Интересно… какой он на вкус?
При каждом шаге, когти глубоко
вонзались в землю, а хитиновые чешуйки похрустывали.
– Не сметь! – заорал я из своего
закутка сознания, тщетно пытаясь вырваться. – Не сметь, сволочь!
Это свой! Своя!
Монстр остановился в недоумении и
потряс мордой, словно хотел вытряхнуть из головы чужой
голос.
* * *
Лиза во все глаза смотрела на
приближающее к ней чудовище. Подойдя, тот присел рядом, сверля ее
страшноватым взглядом кроваво-красных буркал.

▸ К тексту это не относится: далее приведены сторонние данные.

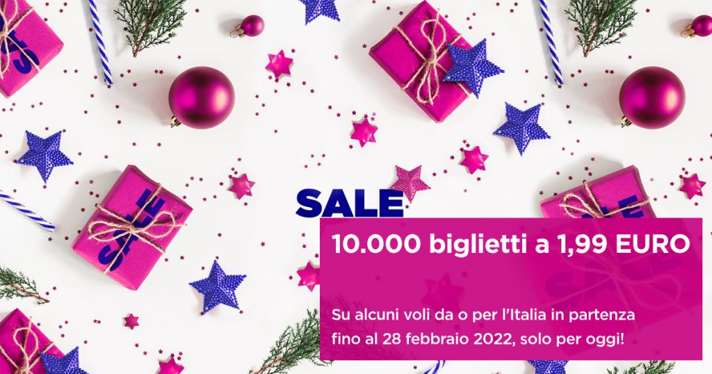 L’offerta è valida fino alla mezzanotte di oggi 10 dicembre su 10.000 voli da o per l’Italia con partenza fino al 28 febbraio 2022.
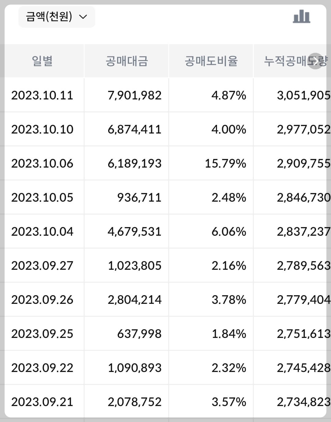 2) 공매도 누적 수급
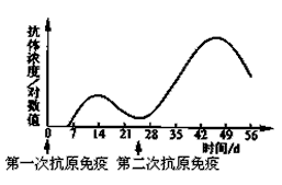 1、选择题 一般情况下,用抗原免疫机体,血清中抗体浓度会发生相应变化。如果在第二次免疫与第一次免疫所用的抗原相同且剂量相等,下列四图中能正确表示血清中抗体浓度变化的是
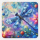 Whimsical Abstract Dragonfly Floral Teal Blue Pink Square Sticker
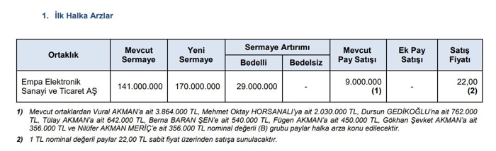 SPK haftalık bültenine göre Kurul, Empa Elektronik Sanayi ve Ticaret AŞ'nin 22 liradan halka arzını uygun buldu.x
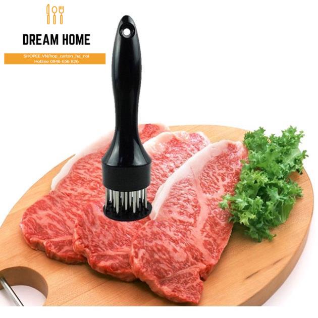 - Cây Dằm Thịt Cầm Tay có tay cầm bằng nhựa dày dặn, chắc chắn, trọng lượng không quá nặng nhưng khi dần sẽ dồn lực mạnh lên miếng thịt. Phần lưỡi dần bằng inox cao cấp, an toàn cho người sử dụng.
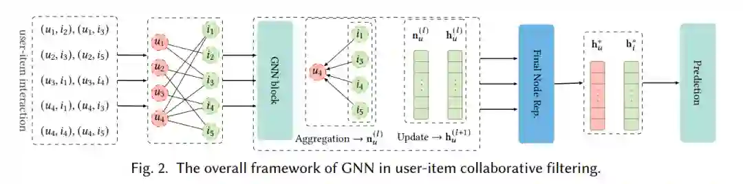 随着在线信息的爆炸式增长,推荐系统在缓解这种信息过载方面发挥着关键作用。由于推荐系统的重要应用价值,该领域一直有新兴的工作。在推荐系统中,主要挑战是从交互和辅助信息(如果有的话)中学习有效的用户/项目表示。最近,图神经网络(GNN)技术在推荐系统中得到了广泛的应用,主要原因有以下三点:(1)推荐系统中的大部分信息本质上都具有图结构,而 GNN 在图表示学习方面具有优势;(2)从图结构的角度,不同的数据类型信息可以采用统一的框架建模;(3)GNN通过多层网络传递信息,可以显式地编码用户交互行为中的高阶信号。本文基于推荐过程中使用的信息类型和推荐任务对现有工作进行分类,分别为用户-项目协同过滤,序列推荐,基于社交网络的推荐,基于知识图谱的推荐,以及其他任务。对于每个类别,我们总结了主要挑战,介绍了代表性模型并说明了它们如何解决这些问题。每一章的最后对现有工作的优点和局限性展开了讨论。本文总结了主流基准数据集、广泛采用的评估指标,并简述了实际应用。此外,我们阐述了9个该领域有待进一步研究的方向。

– Данила! – шептала девушка. –
Данила! Это я, Лиза… Лиза Маевская! Ты меня помнишь? Вспомни,
пожалуйста!
Оборотень оскалился, показав жуткие
клыки, и протянул к ней когтистую лапу. Лиза зажмурилась, готовясь
к смерти, и вдруг почувствовала себя свободней. Острый, как кинжал
коготь скользя вдоль тела, одну за другой разрезал стягивающие ее
веревки.
Я был огромным
зданием. Храмом. Я видел себя изнутри. Мои стены были сплошь
расписаны странными узорами, где-то очень четкими, словно
высеченными в камне, где-то только намеченными – нарисованные углем
или мелом.
В некоторых
местах узоры были стерты или небрежно почерканы, сразу видно –
черновик. Скользя внутренним взором, я с интересом рассматривал эти
узоры, пытаясь понять их назначение.
Если внимательно
присмотреться они распадались на ряд последовательностей, каждая из
которых, почти не имела смысла, как не имеет смысла одинокая буква,
она всего лишь обозначает звук. Складываясь, звуки образуют слово –
в нем смысла уже намного больше. Слова складываются в предложения,
а это уже мысли. Но странное дело – мысль может быть гениальной, а
может иметь меньше смысла, чем каждое из составляющих ее
слов.
Так вот оно
что... внезапно, как это бывает в снах, снизошло на меня озарение:
я – мысль. Мысль силящаяся прочесть слова, из которых она
состоит... переставить их в наилучшем порядке, убрать лишние,
заменить на более точные. Трудная задача для мысли, почти
невозможная, но только так она может достичь наивысшей гармонии,
прозвучать гениальной симфонией звуков.
Как это часто
бывает после чудесного озарения, вдруг сделалось темно, и долгий
мучительный миг я переживал неприятнейшее чувство падения в
темноту.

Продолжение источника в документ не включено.